Date Posted: 01/11/2019 Category:

A solution has been proposed for a frustratingly familiar scenario in procurement: a successful effort to achieve major cost reductions on a new initiative is announced, but the stated savings never reach the bottom line because other business unit leaders have swiftly ‘snaffled’ them to plug budgetary holes or finance a priority project.

For procurement experts David Schannon and Chuck Miller, the loop between different accounting systems that don’t mesh must be closed.

Procurement teams use category management to calculate savings on different kinds of goods, such as printer ink or travel.

Business unit leaders, however, spend according to their budgets.

If a procurement team negotiates a better price for computer equipment, for example, then business unit leaders will often rapidly seize the savings for other spends.

A ‘closed-loop accounting system’ captures these savings before they vanish down organisational black holes by bringing together heads of procurement, accounting and financial planning with budget owners so that they are all seeing the same numbers simultaneously – this way, they can jointly determine the best use of the savings.

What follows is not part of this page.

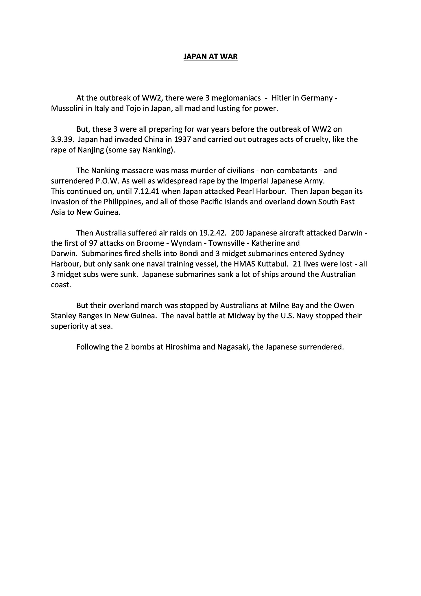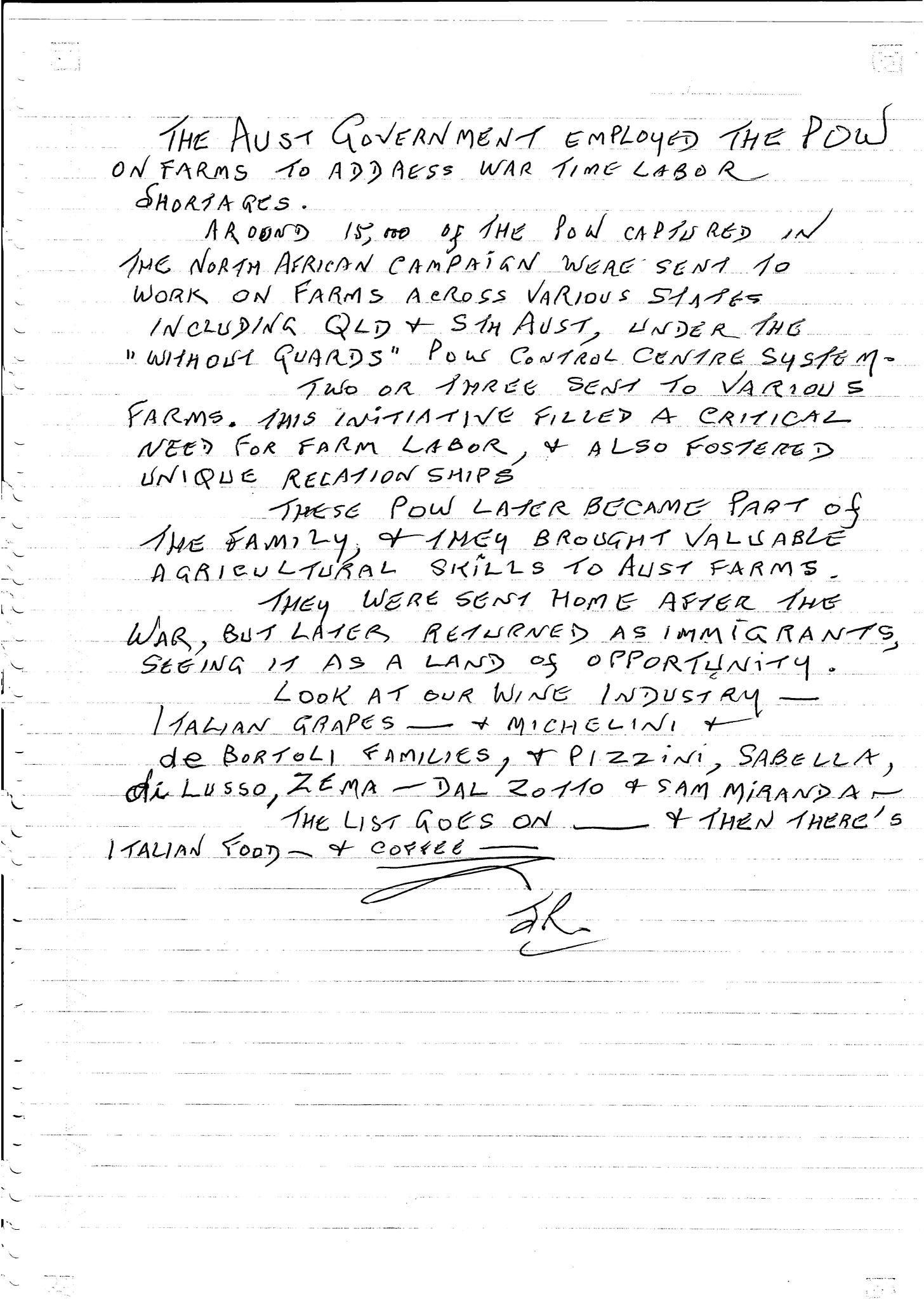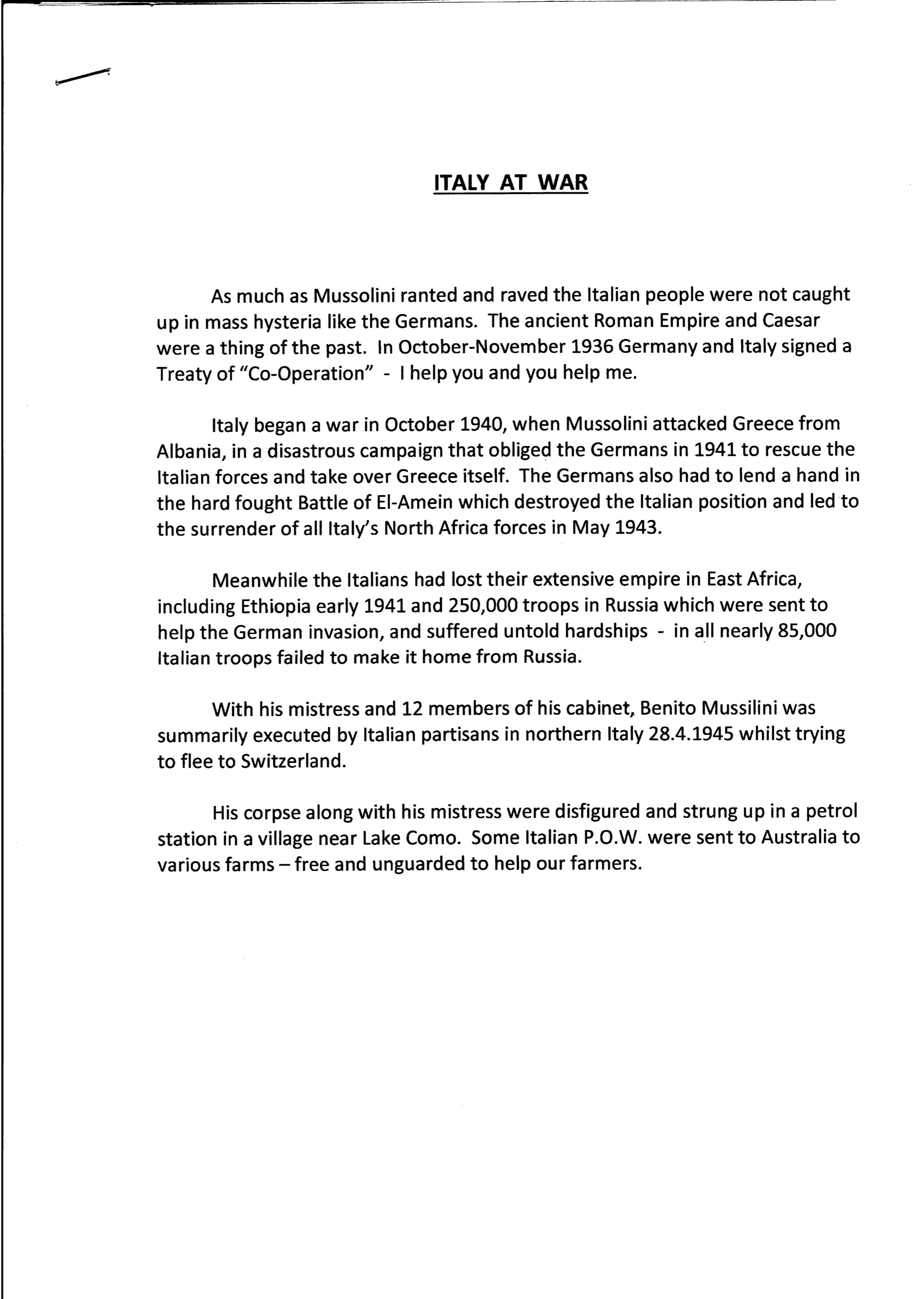 Rose was kind enough to compose a series of brief histories of the Axis powers, which he provided to his typist, and which are duly included as follows. Of particular note is his recounting of Italian prisoners of war in Australia, and how they grew fond of this country.

One means of setting up such systems is for category management practitioners to complete standard savings forms for each initiative that detail targeted cost savings and whether the expenses were included in budgets.

Weekly meetings between procurement managers, accounts teams and financial planning colleagues can then validate these savings before business unit leaders are called in to quantify the reduction in their budgets due to procurement gains.

Real savings can be achieved this way, and previously invisible ‘snaffling’ can be virtually abolished.

While no business unit will be happy to hear that its budget is being reduced halfway through a year, Schannon and Miller believe that this can be managed.

They said that in their experience, the most effective method is to anticipate procurement savings beforehand and then include them during the period when the budget is being set up.

They added that this gives an incentive for business unit leaders to closely work with the procurement team during the year to attain targeted savings.